On April 13, 2020, Governor Brian Kemp issued an Executive Order which provides as follows: “Whereas: On March 14, 2020, due to the impact of COVID-19 on the State of Georgia, I issued Executive Order No. 03.14.20.01, declaring a Public Health State of Emergency in Georgia; and

“Whereas: The Georgia General Assembly concurred with Executive Order 03.14.20.01 by joint resolution on March 15, 2020; and

“Whereas: On April 8, 2020, I renewed the Public Health State of Emergency until May 13, 2020 by issuing Executive Order 04.08.20.02; and

“Whereas: The Centers for Disease Control and Prevention guidance for limiting the spread of COVID-19 includes the recommendation that persons wear masks to prevent spread of this novel coronavirus; and

“Whereas: Code Section 16-11-38 states that it is a misdemeanor for a person to, in part, ‘. . . wear[ ] a mask, hood, or device by which any portion of the face is so hidden, concealed, or covered as to conceal the identity of the wearer. . . ’; and

“Whereas: Code Section 16-11-38 provides limited exceptions for the statute, including subsection (b)(4), which excludes enforcement of the statute against ‘[a] person wearing a gas mask prescribed in emergency management drills and exercises or emergencies’; and

“Whereas: Guidance for law enforcement may be necessary to ensure that residents and visitors of this State are able to comply with Centers for Disease Control and Prevention recommendations without fear of offending Georgia law; and

“Whereas: Code Section 38-3-51(c)(4) vests the Governor with the power to perform and exercise such other functions, powers, and duties as may be deemed necessary to promote and secure the safety and protection of the civilian population; and

“Whereas: Code Section 38-3-51(d)(1) vests the Governor with the power to suspend any regulatory statute prescribing the procedures for conduct of state business, or the orders, rules, or regulations of any state agency if strict compliance with any statute, order, rule, or regulation would in any way prevent, hinder, or delay necessary action in coping with the emergency or disaster; and

“Now, therefore, pursuant to Code Section 38-3-51, and the authority vested in me as the Governor of the State of Georgia, it is hereby Ordered: That Code Section 16-11-38(b)(4) shall not apply to any person wearing ‘a mask, hood, or device by which any portion of the face is so hidden, concealed, or covered as to conceal the identity of the wearer’ if that person is wearing such device for the purpose of complying with the guidance of any healthcare agency or to prevent the spread of COVID-19.

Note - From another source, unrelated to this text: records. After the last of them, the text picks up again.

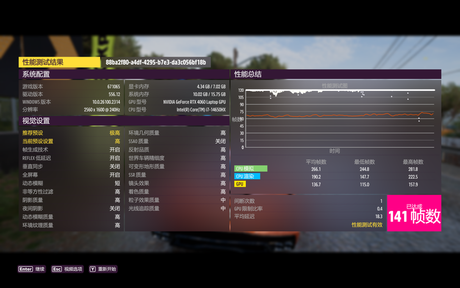 《极限竞速:地平线5》的极 高画质下,帧率达到了141帧,在具备优秀画质的情况下,帧率表现也十分出色,对于喜欢竞速的玩家来说,暗影骑士·擎6还是非常值得推荐的。
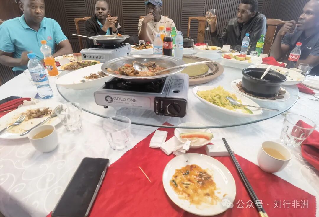 于是去干饭。非洲大汉们肚肠颇大,一桌饭轻松又干完。休息一会儿开干。第一家采访完,下大雨,又耽误一会儿。采访了几家工厂,一家比一家慢。
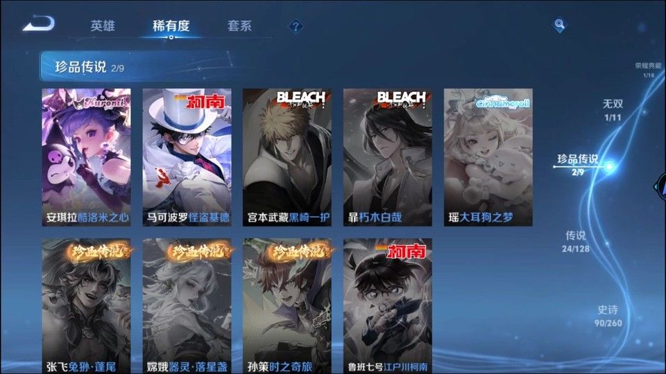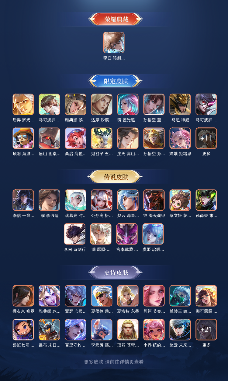装备描述:打野51段 金标澜 金标宫本武藏 金标李白 1典藏1无双2珍品24传说鸣剑·曳影 无双皮: 碎月剑心 珍品传说: 怪盗基德,酷洛米之心 传说皮: 云鹰飞将,绛天战甲,炽阳神光,一念神魔,末日机甲-孙尚香,地狱之眼,李逍遥,时之恋人-刘备,淬星耀世,花朝如约,电玩·雷克斯,鹤羽星尊,惊梅引,霜月吟,澜逐花归海,幻光神枪,祥瑞亨通,云诺千山 限定皮: 李小龙,祈雪灵祝,梁祝,时雨天司,辉光之辰,神威,至尊宝,默契交锋-花木兰,高山流水,孙行者,匿光追影者,傲雪梅枪,玉兔公主,五谷丰年,诗剑行,山海·玄木吟,鸣野蒿,逐霄战戟,愿照·九州拓

“It is further Ordered: That if one or more of the provisions contained in this Order shall be held to be invalid, in violation of the Georgia Constitution, in violation of Georgia law, or unenforceable in any respect, such invalidity, violation, or unenforceability shall not affect any other provisions of this Order, but, in such case, this Order shall be construed as if such invalid, illegal, or unenforceable provision had never been contained within the Order.

“It is further Ordered: All provisions of the Order shall become effective upon signature and shall expire at the conclusion of the Public Health State of Emergency declared in Executive Order 03.14.20.01 and renewed by Executive Order 04.08.20.02. If the Public Health State of Emergency is renewed, this Order shall carry forward with the Public Health State of Emergency until such State of Emergency is terminated or ceases to be renewed by the Governor.”

Law reviews.

For note, “Klan, Cloth and Constitution: Anti-mask Laws and the First Amendment,” see 25 Ga. L. Rev. 819 (1991).